Advertisement

Israeli Arabs Emboldened by Victory : Mideast: Forcing Rabin to back down on confiscating Jerusalem land boosts minority politicians’ confidence.

Share
TIMES STAFF WRITER

The day after they forced Israel’s government to back down from its plan to confiscate Palestinian-owned property here, Israeli Arab politicians vowed Tuesday to keep up the pressure on Prime Minister Yitzhak Rabin.

“This gives us Arabs inside Israel political confidence and strength,” said Taleb Sanaa, one of two members of the Arab Democratic Party, which threatened to bring Rabin’s government down with a no-confidence motion in the Knesset, Israel’s Parliament.

Sanaa and other Israeli Arab politicians said the government’s retreat on the confiscation opens the door to greater involvement by Israel’s 18% Arab minority in peacemaking.

Advertisement

“I think that we will become more politically active . . . to protect the peace process and serve the well-being of both Arabs and Jews,” Sanaa told Voice of Palestine Radio.

On Monday, Rabin’s government came perilously close to being brought down after the Arab Democratic Party and the Arab-dominated Democratic Front for Peace and Equality, known as Hadash, brought forward a Knesset no-confidence motion to protest the government’s proposed confiscation of 131 acres, most of them Palestinian-owned, in southern Jerusalem.

The government said it needed the land for a new police station and several thousand apartments for Jews.

By themselves, the Arab-dominated parties control only five seats in Israel’s 120-seat Knesset. But they were joined by the ultra-Orthodox religious parties and by Likud, the largest opposition party, giving them enough votes to become a force to be reckoned with.

“The Arabs of Israel celebrated yesterday their first Independence Day as citizens with equal rights in their country,” political commentator Ron Mayberg wrote in the mass-circulation daily Maariv. “The Arabs of Israel have waited 47 years for this moment, the moment that they would stop being used as a mute rubber stamp for any centrist government with leftist leanings, just in order to block a rightist government; the moment in which, after years of burning insults, their problems and positions ignored, and a sense of contempt and insult among their constituents, they became a real check and balance.”

Rabin’s minority government had been able to rely on votes of Arab-dominated parties to survive no-confidence motions brought by Likud or other nationalist Jewish parties.

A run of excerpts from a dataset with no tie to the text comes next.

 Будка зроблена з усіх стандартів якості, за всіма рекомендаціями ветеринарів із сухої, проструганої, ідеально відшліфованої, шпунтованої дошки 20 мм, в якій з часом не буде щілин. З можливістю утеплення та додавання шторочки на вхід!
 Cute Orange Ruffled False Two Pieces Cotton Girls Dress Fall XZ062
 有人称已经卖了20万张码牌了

He had always been able to persuade Arab-dominated parties that any Labor-led government had to be better for their constituents than a Likud-led government.

Advertisement

But this time, Arab-dominated parties believed that Israel’s confiscation of land in Jerusalem would kill the peace process.

“We said from the beginning that the confiscation decision was a step by the Israeli prime minister and his government to bury the peace process,” Hadash leader Hashem Mahmid said. “On this basis, we decided to ask for the no-confidence vote unless they changed their mind.”

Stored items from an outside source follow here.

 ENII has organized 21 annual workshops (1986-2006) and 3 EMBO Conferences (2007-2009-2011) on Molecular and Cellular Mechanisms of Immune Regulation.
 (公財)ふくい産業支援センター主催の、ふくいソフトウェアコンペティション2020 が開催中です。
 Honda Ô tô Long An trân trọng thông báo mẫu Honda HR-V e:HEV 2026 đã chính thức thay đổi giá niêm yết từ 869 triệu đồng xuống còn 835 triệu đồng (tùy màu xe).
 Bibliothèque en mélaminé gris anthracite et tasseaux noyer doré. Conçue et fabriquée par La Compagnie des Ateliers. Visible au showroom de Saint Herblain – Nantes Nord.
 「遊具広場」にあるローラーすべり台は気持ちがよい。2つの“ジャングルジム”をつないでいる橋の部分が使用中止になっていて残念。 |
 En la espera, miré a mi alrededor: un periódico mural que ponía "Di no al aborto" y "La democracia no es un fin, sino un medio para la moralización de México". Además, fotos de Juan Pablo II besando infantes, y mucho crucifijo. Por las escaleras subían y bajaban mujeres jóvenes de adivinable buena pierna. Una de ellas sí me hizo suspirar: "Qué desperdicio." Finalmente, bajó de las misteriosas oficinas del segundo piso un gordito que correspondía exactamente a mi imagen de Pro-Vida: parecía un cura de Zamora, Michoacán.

Faced with the defection of the Arab-dominated parties, Rabin called an emergency Cabinet session to freeze the government’s confiscation decision.

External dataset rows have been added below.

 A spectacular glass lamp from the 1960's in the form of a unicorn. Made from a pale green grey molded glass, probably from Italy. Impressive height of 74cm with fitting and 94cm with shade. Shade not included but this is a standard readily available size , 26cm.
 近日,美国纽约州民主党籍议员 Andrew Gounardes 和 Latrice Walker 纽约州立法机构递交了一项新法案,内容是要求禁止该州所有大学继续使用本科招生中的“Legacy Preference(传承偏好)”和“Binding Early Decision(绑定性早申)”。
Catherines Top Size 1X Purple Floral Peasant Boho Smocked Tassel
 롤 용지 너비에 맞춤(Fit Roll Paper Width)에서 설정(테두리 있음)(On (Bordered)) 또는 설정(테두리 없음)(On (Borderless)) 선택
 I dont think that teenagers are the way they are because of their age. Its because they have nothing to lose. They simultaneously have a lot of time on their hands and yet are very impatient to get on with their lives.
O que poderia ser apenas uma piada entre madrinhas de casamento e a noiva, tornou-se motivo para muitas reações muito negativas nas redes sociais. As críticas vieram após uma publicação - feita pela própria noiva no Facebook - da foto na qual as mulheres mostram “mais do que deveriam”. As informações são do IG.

It was a rare, important political victory for Israeli Arabs, who have watched with growing consternation Israel’s slow-moving negotiations with the PLO on Palestinian self-rule in the West Bank.

Israeli Arabs have been casting about for a role to play since Israel signed a peace accord with the Palestine Liberation Organization.

Israeli Arab politicians have acted as intermediaries--between Palestinian factions in the Gaza Strip, where PLO Chairman Yasser Arafat’s self-governing authority is based, and between Israel and the Palestinians.

Advertisement

But often, Israeli Arab politicians are treated with suspicion and sometimes contempt by all sides.

Many Palestinians in the territories regard them as traitors because they are Israeli citizens.

Israeli mainstream political parties have never included them in any coalition government because their loyalties are considered suspect. And their own constituents, Israeli Arabs, often abandon them in favor of voting for one of the many Zionist parties--including Likud.

One Israeli Arab analyst said he believes that the government’s decision Monday may breathe new life into Israeli Arab parties.

“Arabs in Israel have been debating the significance of their participation in the Israeli political system,” said Ahmad Sadi, a lecturer at Tel Aviv University. “Many Arabs feel that the Arab parties have so far failed to do anything worthwhile through the parliamentary channel. They seemed to just follow the government in its votes.”

But by stopping--at least temporarily--this one confiscation, Sadi said, the Israeli Arab parties “undoubtedly increased their declining popularity.”

Advertisement

Even jubilant Israeli Arab politicians, however, acknowledged that their victory was limited.

Several said they intend to keep fighting to brake Israeli building in Jerusalem and the West Bank, where the government still intends to put up several thousand more homes for Jews before final status talks begin next May with the PLO.